- **What to do**
Transcribe the listing below exactly, without pictures.

- **Data block**
=== Begin Enclosure ===

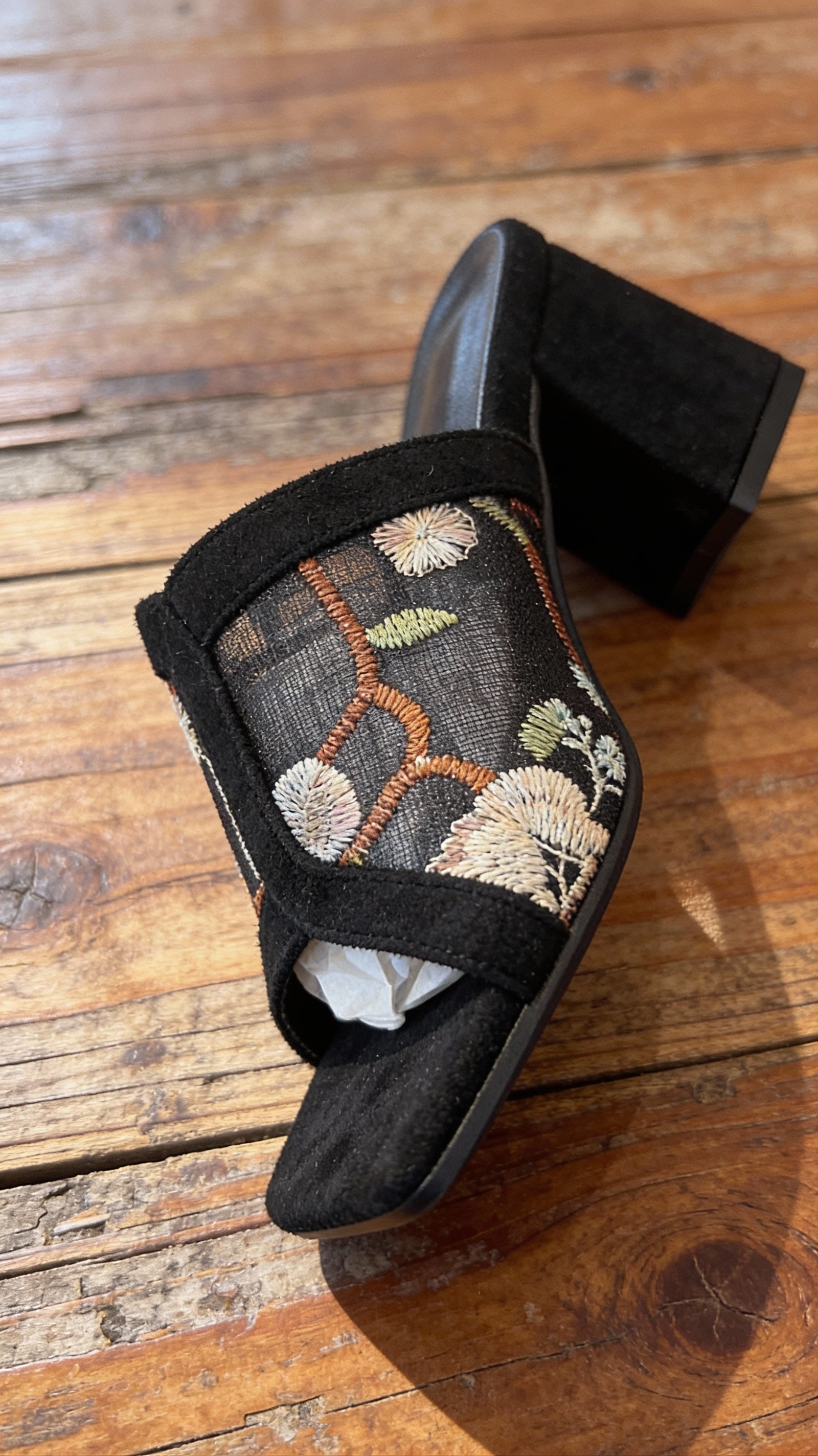 | Zapatos negros con detalle bordado refinado. |
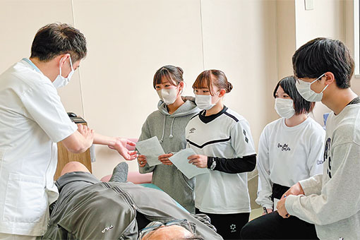 入学して間もない1年次の春に近隣病院での臨床見学授業を実施。病院スタッフとの情報・意見交換、教員による実際の治療場面を見学することで、療法士をめざす目的の再確認はもちろん、学習意欲の向上にもつながっています。
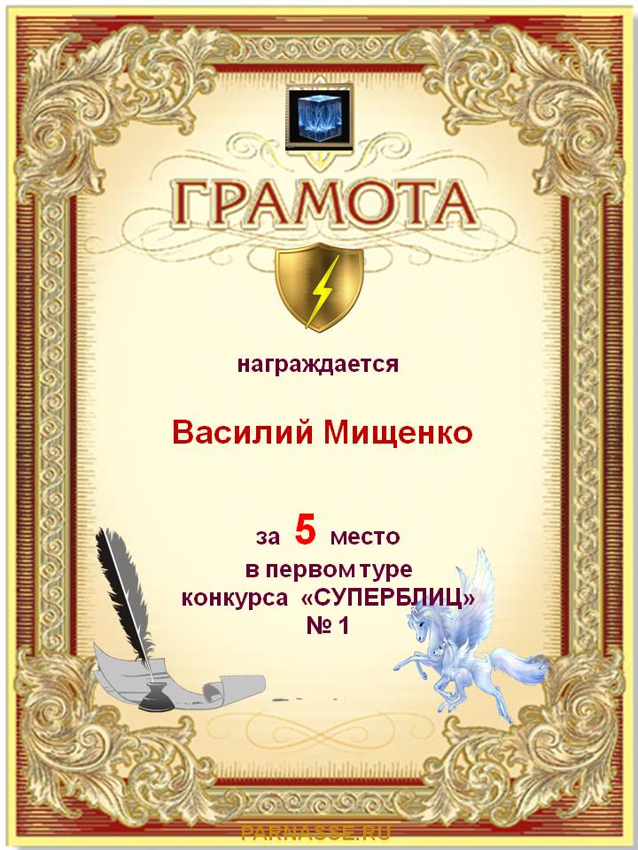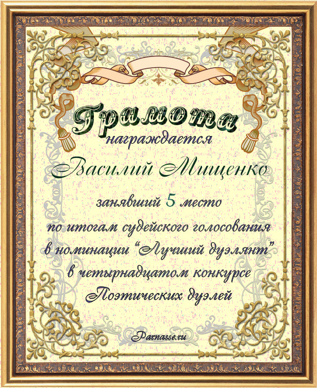 Грамота за 5-е место в номинации "ЛУЧШИЙ ДУЭЛЯНТ" по итогам судейского голосования в 14ом конкурсе поэтических дуэлей

=== End Enclosure ===

- **Output below**
 | Zapatos negros con detalle bordado refinado. |
 入学して間もない1年次の春に近隣病院での臨床見学授業を実施。病院スタッフとの情報・意見交換、教員による実際の治療場面を見学することで、療法士をめざす目的の再確認はもちろん、学習意欲の向上にもつながっています。
 Грамота за 5-е место в номинации "ЛУЧШИЙ ДУЭЛЯНТ" по итогам судейского голосования в 14ом конкурсе поэтических дуэлей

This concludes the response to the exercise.